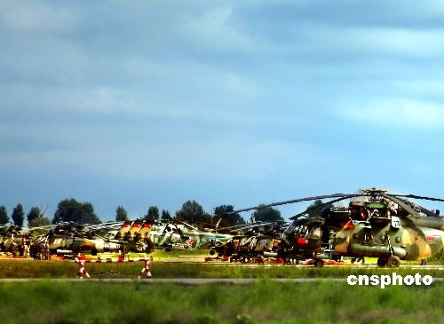 参加“和平使命2009”联合反恐军事演习的中国军队陆军航空兵部队,7月20日官兵们在认真检测即将参加演习的直升机群,以确保在演习中万无一失。这支部队在演习中担负着地面攻击配合、投送兵力、医疗救护等任务。这次演习,双方以陆军和空军为主,中方参演部队包括1个陆军战斗群和1个空军战斗群,俄方参演兵力包括1个陆军加强摩步营、1个空降突击连和部分空军兵力。中新社发 宋吉河 摄
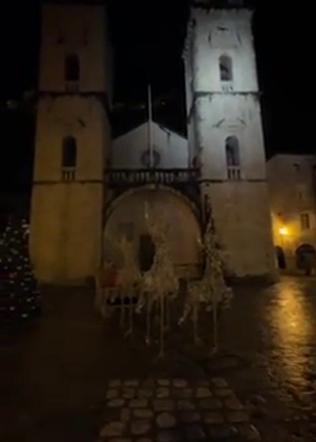 At night, the camera pans across a square in front of an old, stone church with two tall towers. Christmas decorations, including reindeer and a Christmas tree, are placed on the stone pavement in the foreground. The pavement is wet and reflects the light. The church is illuminated by spotlights that highlight its architectural details. Other buildings are visible in the background, adding to the urban setting. The sky is dark, emphasizing the contrast between the lit structures and the surrounding darkness.
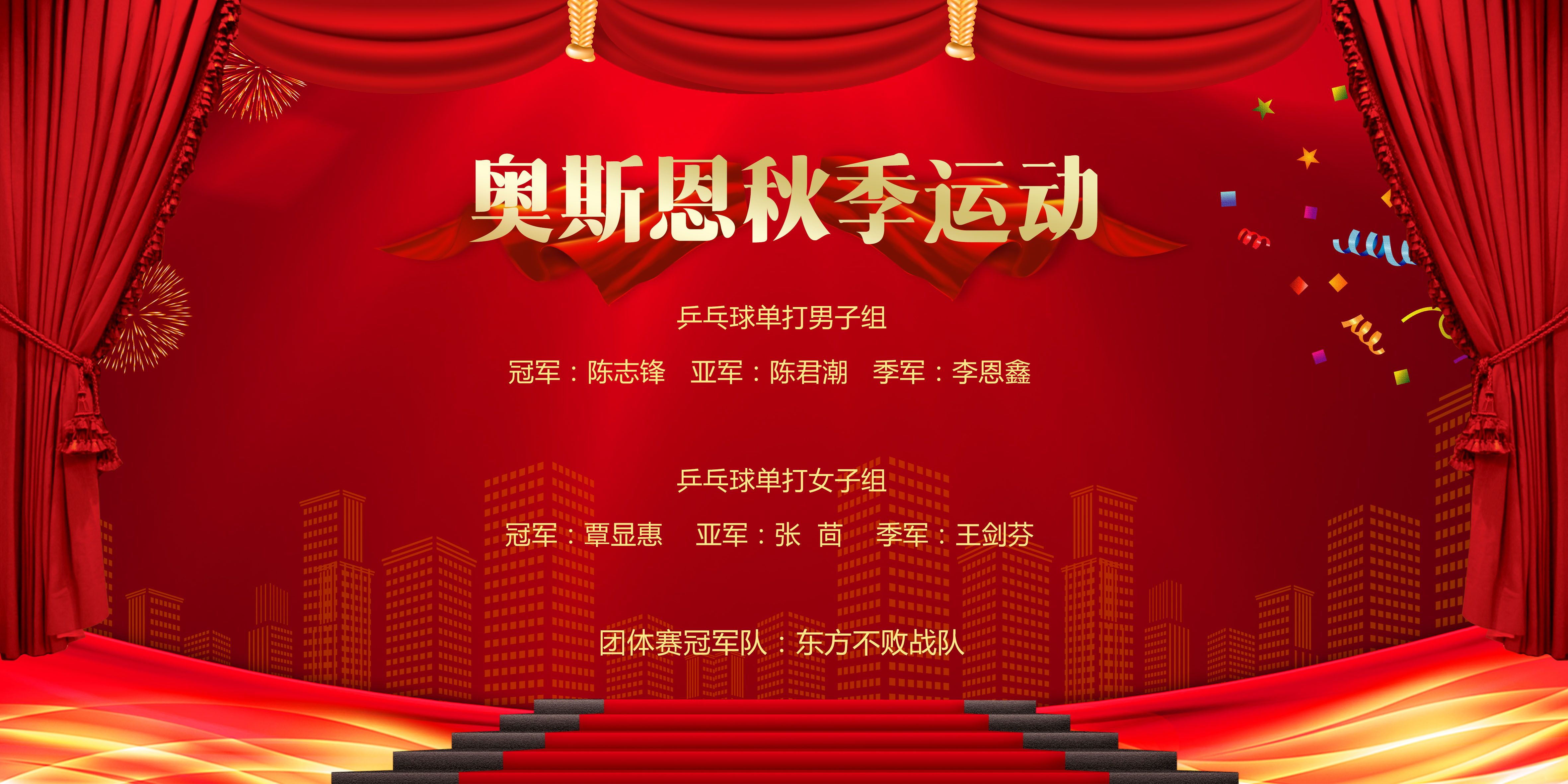11月20日,奧斯恩舉辦以“我運動、我快樂、我健康”為主題的趣味運動會,本次趣味運動會設立了“單人項目:男/女子乒乓球單打;團體項目:乒乓球男女混合雙打、拔河團隊賽、籃球團隊賽。

------------------------------------

• EXERCISE DIRECTIONS: In the copy, no pictures are to appear; write out exactly the lines from the one containing "At night, the" through the end of the listing above and no further lines.

• EXERCISE SOLUTION:
 At night, the camera pans across a square in front of an old, stone church with two tall towers. Christmas decorations, including reindeer and a Christmas tree, are placed on the stone pavement in the foreground. The pavement is wet and reflects the light. The church is illuminated by spotlights that highlight its architectural details. Other buildings are visible in the background, adding to the urban setting. The sky is dark, emphasizing the contrast between the lit structures and the surrounding darkness.
11月20日,奧斯恩舉辦以“我運動、我快樂、我健康”為主題的趣味運動會,本次趣味運動會設立了“單人項目:男/女子乒乓球單打;團體項目:乒乓球男女混合雙打、拔河團隊賽、籃球團隊賽。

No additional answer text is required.